Determination of the Expression of Defense Related-Genes Responded to Dimethyl Trisulfide
As previously described, four treatments (CK, DT, Bd, and Bd + DT) were performed. All the fruits were put into plastic boxes and incubated at 28°C in the dark. The disease symptoms were observed every day. 12 days later, a slight disease symptom emerged on the Bd-treated apple fruit. All the treated and control apple fruit were peeled around the equator with a sterilized paring knife. All the samples were stored at −80°C for later use.
The expressions of the defense-related genes including phenylalanine ammonia-lyase (PAL), glucanase_1 (GLU-1), glucanase_2 (GLU-2), glucanase_3 (GLU-3), peroxidase_1 (POD-1), peroxidase_2 (POD-2), polyphenol oxidase (PPO), catalase (CAT), and endochitinase (CHI) were determined by quantitative real-time PCR (qRT-PCR). We drew the gene sequence information of the nine genes mentioned above from the apple genome (ASM211411v1). The special primers were designed using primer 5 (Table 1) and synthesized by Sangon Biotech (Shanghai) Co., Ltd., Shanghai, China.
Table 1. The primer sequences of defense-related genes and internal reference genes.
According to RNAprep Pure Plant Plus Kit [Tiangen Biotech (Beijing) Co., Ltd., Beijing, China], the RNA was extracted from the fruit samples. And the cDNA was synthesized using HiScript® III RT SuperMix for qPCR (+gDNA wiper) (Nanjing Vazyme Biotech Co., Ltd., Nanjing, China). qRT-PCR was performed using ABI7500 Thermal Cycler (Applied Biosystems, Foster City, CA, United States) to detect the expressions of the nine defense-related genes aforementioned. The reaction system (10 μL) contained 5 μL of 2× ChamQ SYBR Color qPCR Master Mix (Nanjing Vazyme Biotech Co., Ltd., Nanjing, China), 0.2 μL of each primer, 0.2 μL of the 50× ROX Reference Dye I, 1 μL of cDNA, 3.4 μL of the ddH2O. The reaction conditions were as follows: 95°C for 30 s, followed by 40 cycles of 95°C for 10 s and 60°C for 30 s, then 95°C for 15 s, 60°C for 1 min and finally 95°C for 15 s. Actin was used as the internal reference gene, and the relative expression was calculated by 2–ΔΔCT method (Livak and Schmittgen, 2001). The experiment was performed in three replicates.
Statistical Analysis
Experimental data were analyzed using standard analysis of variance (ANOVA) followed by least significant difference tests (p < 0.05) using the software statistical analytical system (SAS 9.0). Standard errors were calculated for all mean values.
Results
Dimethyl Trisulfide Inhibited the Mycelial Growth of Botryosphaeria dothidea
The results showed DT strongly inhibited the mycelia growth of the B. dothidea. The mycelia growth of the control was initiated on the first day and rapidly grew on successive days. On the fifth day, the fungal mycelia completely covered the whole surface of the Petri dish. But the DT-treated mycelia remained unchanged or grew slower than the control (Figure 1). Statistics showed that the colony diameters reduced with the increase of the DT concentration (Figure 2A). The inhibitory effect increased with DT concentration but decreased with incubation time. During the whole experimental period, 500 and 250 μL/L DT exhibited 100% inhibition against B. dothidea. 125 and 62.5 μL/L DT showed 93.5 and 69.0% inhibition on the first day, which sharply decreased to 18.3 and 8.75% on the fifth day, respectively (Figure 2B). The AUC of fungal colony diameters treated by various DT concentrations were reduced by 18.9–100% compared to that of control (P < 0.0001) (Figure 2C).

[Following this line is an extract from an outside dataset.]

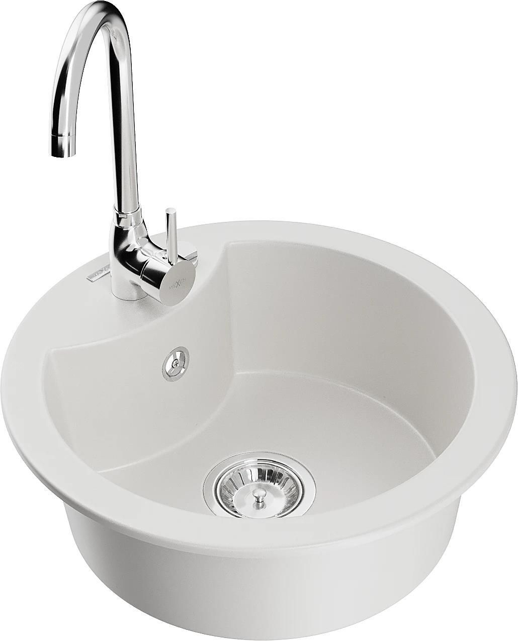 Mexen Diego zlewozmywak granitowy 1-komorowy, biały + bateria kuchenna Telma, chrom + syfon automatyczny, chrom Producent: Mexen Seria: Diego + Telma Kod produktu: 6512-20-670200-00 ZLEWOZMYWAK Kod produktu: 6512481000-20 Rozmiar: 488x488x167 mm Głębokość komory: 157 mm Szerokość komory: 406 mm Średnica odpływu: ø90 mm Typ: 1-komorowy Rodzaj: Wpuszczany w blat Kolor: Biały Wykończenie syfonu: Chrom Materiał: Granit (80% kruszywo granitowe 20% żywice) Otwór przelewowy: Tak Otwory: ( bateria, automat ) 2 Wysoka odporność na zarysowania i przebarwienia Odporność na szok termiczny Powierzchnia ułatwiająca czyszczenie Jeden dodatkowy podfrezowany otwór do samodzielnego wybicia ø35 BATERIA KUCHENNA Kod produktu: 670200-00 Materiał: Mosiądz Kolor: Chrom Głowica: Ceramiczna Perlator: Tak Wysokość baterii: 335 mm Zasięg wylewki: 180 mm W komplecie syfon automatyczny Przeznaczenie: Zlewozmywaki granitowe Konfiguracja: 1 komora Otwór odpływowy: 3,5”; fi=90 mm Korek: 1 - automatyczny Możliwość podłączenia zmywarki/pralki - Tak Korek przelewowy - Tak

Figure 1. The mycelial growth of Botryosphaeria dothidea on PDA medium containing various concentrations of dimethyl trisulfide for 5 days. (A) 500 μL/L, (B) 250 μL/L, (C): 125 μL/L, (D) 62.5 μL/L, (E) control.

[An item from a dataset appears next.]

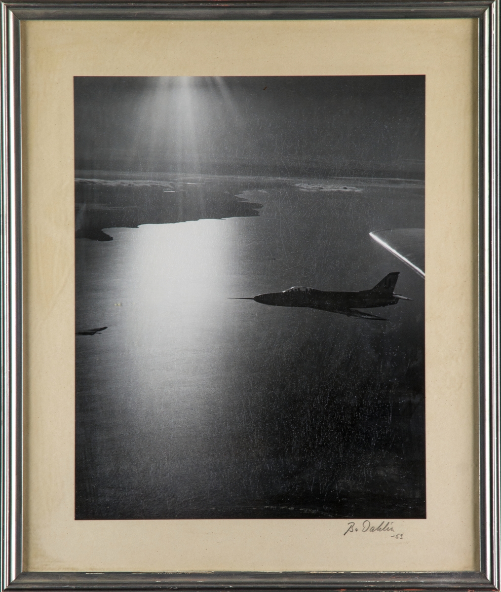 Flygplan Saab 32 Lansen prototyp i luften över skärgård.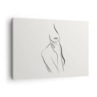 Obraz na płótnie - Minimalistyczny szkic sylwetki kobiety na jasnym tle - 70x50cm - Fala melancholii - Nowoczesna dekoracja ścienna do salonu i sypialni ARTTOR

Figure 2. The dimethyl trisulfide inhibition on the mycelia growth of Botryosphaeria dothidea. (A) The colony diameters of Botryosphaeria dothidea treated by the various concentration of dimethyl trisulfide. (B) The inhibition of various concentrations of dimethyl trisulfide against mycelia growth of Botryosphaeria dothidea. (C) The area-under-curve (AUC) of fungal colony diameters treated by various concentrations of dimethyl trisulfide. Different lowercase letters indicate a significant difference between treatments (P < 0.05).
Dimethyl Trisulfide Disrupted the Mycelial Morphology of Botryosphaeria dothidea
Under a microscope, the control mycelia had complete morphology with uniform thickness, smooth surface, slender and full shape (Figure 3A). However, DT seriously deformed the normal mycelial morphology. The outline of the DT-treated mycelia became blurred, with more bifurcation at the top, similar to the chicken feet. And the mycelia also became curved and wrinkled. The front end expanded, forming a tumor-like structure. Some mycelia ruptured and dissolved, and the contents spilled (Figures 3B–D).
Figure 3. The mycelial morphology of Botryosphaeria dothidea. (A) The mycelia of the untreated control. (B–D) The mycelia treated with 500 μL/L dimethyl trisulfide for 24 h.
Dimethyl Trisulfide Inhibited the Incidence of Apple Ring Rot Disease Symptoms on Fruit
Experiment 1
The first 2 days after inoculation, disease spots gradually appeared around the control fruit’s inoculating points. Three days later, the disease spots began to grow and developed rapidly. On the fifth day, the fruit was utterly rotten with a thick exudation on the surface and a sour smell. However, DT-treated apple fruit showed no disease symptoms during the early days of the experiment. After 5 days of inoculation, only mild disease spots appeared on the apple fruit treated with the low concentration DT (15.63 μL/L) (Figure 4). Statistical analysis showed that the disease spot diameter of the control fruit reached up to 10.03 cm on the fifth day, while that of fruit treated with a low DT concentration (15.63 μL/L) was 0.25 cm (Figure 5A), indicating a 97.5% inhibition. High DT concentrations (62.5 and 31.25 μL/L) exhibited 100% inhibition against the apple ring rot (Figure 5B). The AUC of disease spot diameter on fruit treated by the various DT concentrations was reduced by 98.5–100% compared to that of control (P < 0.0001) (Figure 5C).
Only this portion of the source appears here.